Exercise aim: Every line below is to be copied exactly, with the pictures left out.

Stored data:
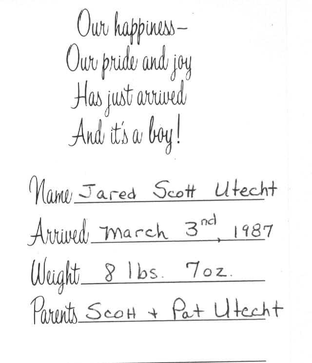 70 F i Amy Utecht [scrapbook] was born Oct 1978. 71 M ii Jared Utecht [image] was born Mar 3 1987.
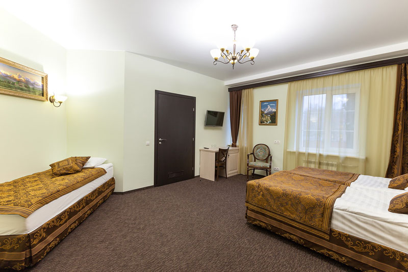 В номере три односпальные кровати (90 см.) с ортопедическим матрасом, 2 тумбочки, шкаф. А также: письменный стол, стул, ТВ – жк, вешалка/зеркало, багажная тумба.
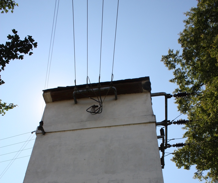 Die Trafostation ist offensichtlich noch in Betrieb und hängt mittel- und niederspannungsseitig am klassischen
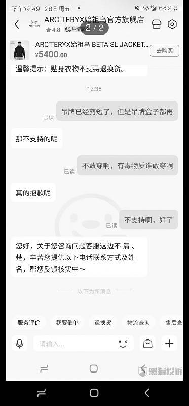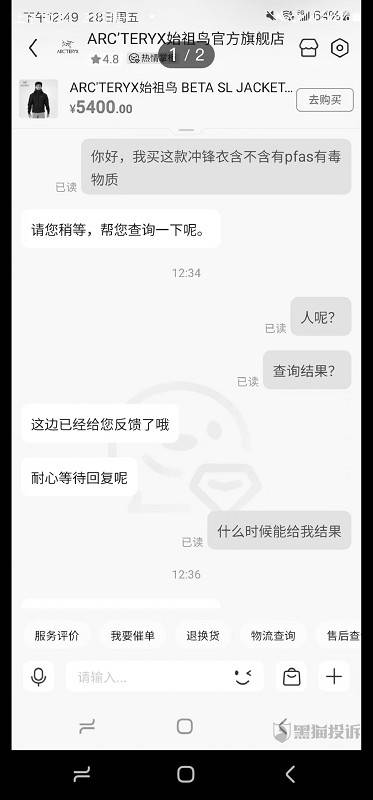 市民买始祖鸟冲锋衣后要求退货遭拒 2月18日,家住甘井子区辛寨子街道的市民肖先生在网购平台的始祖鸟官方旗舰店上,花费5394.61元购买了一件冲锋衣。收到货后,肖先生对这件高价户外装备颇为满意,已穿着两三次。 近日,国内多家媒体报道,部分始祖鸟产品被指含有PFAS,或存在健康风险。看到这些报道后,肖先生立即陷入焦虑:“不知道我买的这件衣服是否含有这种物质,如果不弄清此事,这件衣服我都不敢穿了,因为我害怕会影响自己的身体健康。” 为了弄清自己买的衣服是否含有PFAS,肖先生联系了旗舰店客服,“客服表示不清楚我这件衣服面料是否含有这种物质,现在始祖鸟部分产品里面含有PFAS的事儿闹得沸沸扬扬,客服这样回应太不应该了。” 担心自己买的这件衣服里含有PFAS,于是肖先生向客服提出退货的请求,但遭到了拒绝。“客服的意思是我这件衣服已经穿过了,因此无法退货。”肖先生认为,商家应该给出明确的说法,尽到诚信透明的生产和销售的责任。“我这款衣服面料里是否含有PFAS?如果真的有,是否真如媒体报道所说,会危害身体健康?现在商家客服一问三不知,导致这件衣服我根本不敢穿了。”

Task result:
 70 F i Amy Utecht [scrapbook] was born Oct 1978. 71 M ii Jared Utecht [image] was born Mar 3 1987.
 В номере три односпальные кровати (90 см.) с ортопедическим матрасом, 2 тумбочки, шкаф. А также: письменный стол, стул, ТВ – жк, вешалка/зеркало, багажная тумба.
 Die Trafostation ist offensichtlich noch in Betrieb und hängt mittel- und niederspannungsseitig am klassischen
 市民买始祖鸟冲锋衣后要求退货遭拒 2月18日,家住甘井子区辛寨子街道的市民肖先生在网购平台的始祖鸟官方旗舰店上,花费5394.61元购买了一件冲锋衣。收到货后,肖先生对这件高价户外装备颇为满意,已穿着两三次。 近日,国内多家媒体报道,部分始祖鸟产品被指含有PFAS,或存在健康风险。看到这些报道后,肖先生立即陷入焦虑:“不知道我买的这件衣服是否含有这种物质,如果不弄清此事,这件衣服我都不敢穿了,因为我害怕会影响自己的身体健康。” 为了弄清自己买的衣服是否含有PFAS,肖先生联系了旗舰店客服,“客服表示不清楚我这件衣服面料是否含有这种物质,现在始祖鸟部分产品里面含有PFAS的事儿闹得沸沸扬扬,客服这样回应太不应该了。” 担心自己买的这件衣服里含有PFAS,于是肖先生向客服提出退货的请求,但遭到了拒绝。“客服的意思是我这件衣服已经穿过了,因此无法退货。”肖先生认为,商家应该给出明确的说法,尽到诚信透明的生产和销售的责任。“我这款衣服面料里是否含有PFAS?如果真的有,是否真如媒体报道所说,会危害身体健康?现在商家客服一问三不知,导致这件衣服我根本不敢穿了。”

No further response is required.